ECHO IV, or ECHO 4 (Electronic Computing Home Operator, or Electronic Computer for Home Operation) is a prototype of a home computer developed by Westinghouse Electric engineer James (Jim) Sutherland in the mid 1960s (1965-1966).

History 
James Sutherland worked as an engineer for the American company Westinghouse Electric, designing fossil and nuclear power plant control systems.

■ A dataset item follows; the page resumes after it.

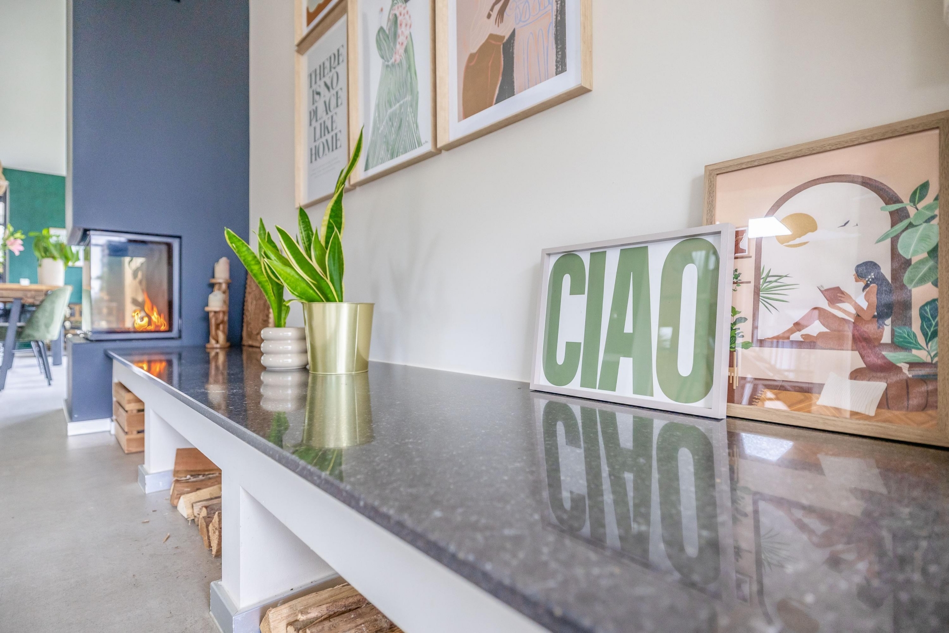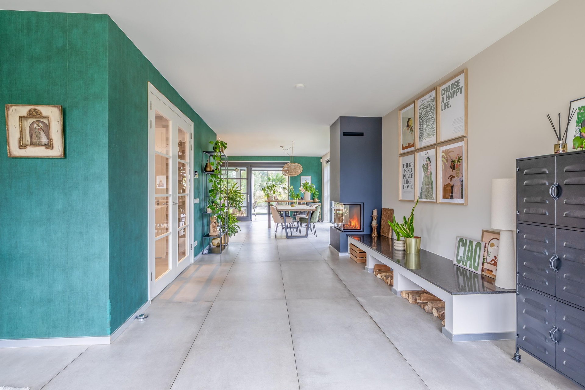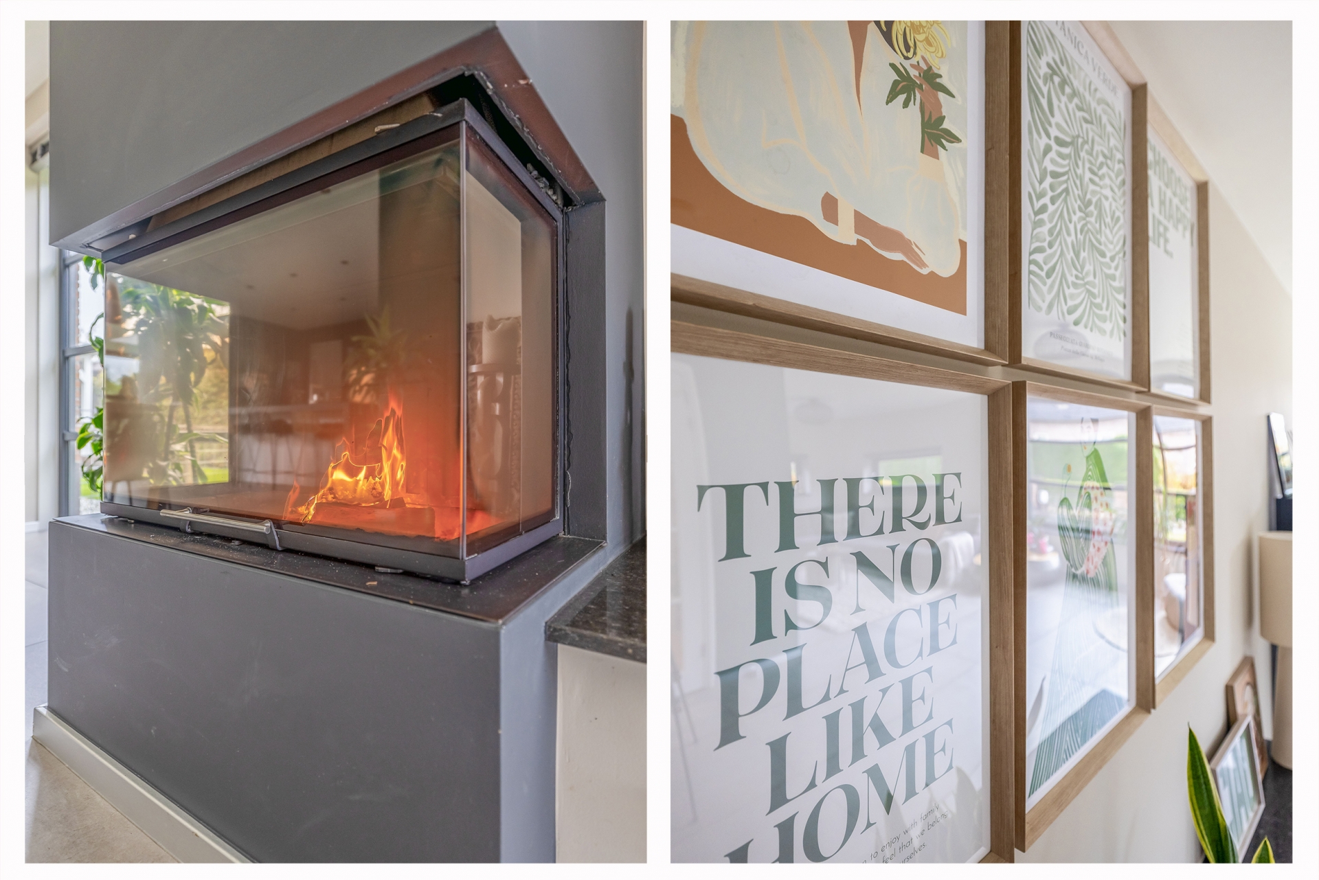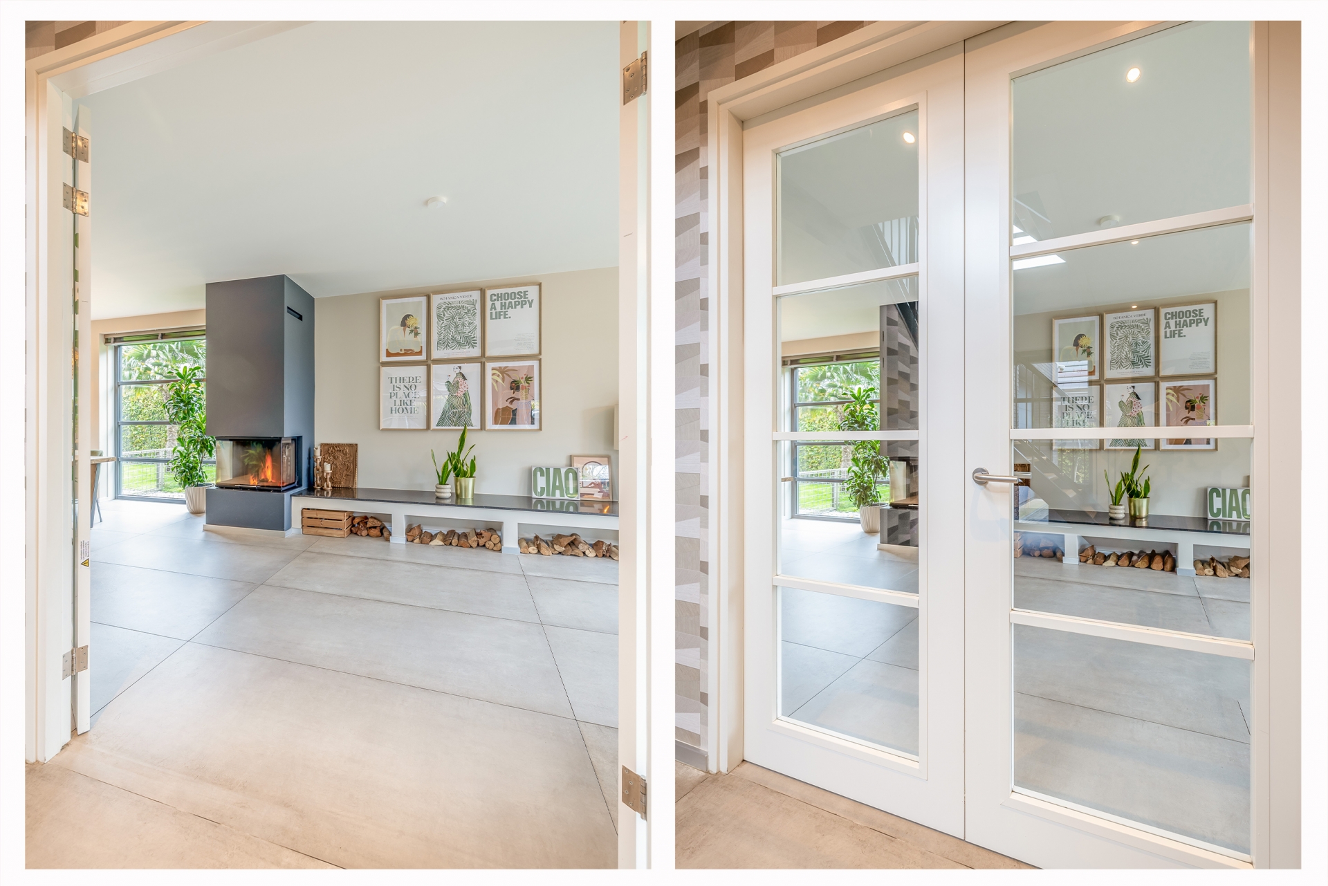 - Driezijdige liftdeurhaard Spartherm Arte in woonkamer;

In 1959 the company built a computer called PRODAC IV (he was the designer of the arithmetic logic unit), using destructive-readout core memory and NOR logic. 

When PRODAC IV was replaced by a UNIVAC design, some of the Westinghouse controller hardware was declared surplus in 1965. Sutherland took up surplus boards and memory to build a home computer, ECHO IV (the "IV" in ECHO IV came from the PRODAC IV). It was made public for the first time in 1966.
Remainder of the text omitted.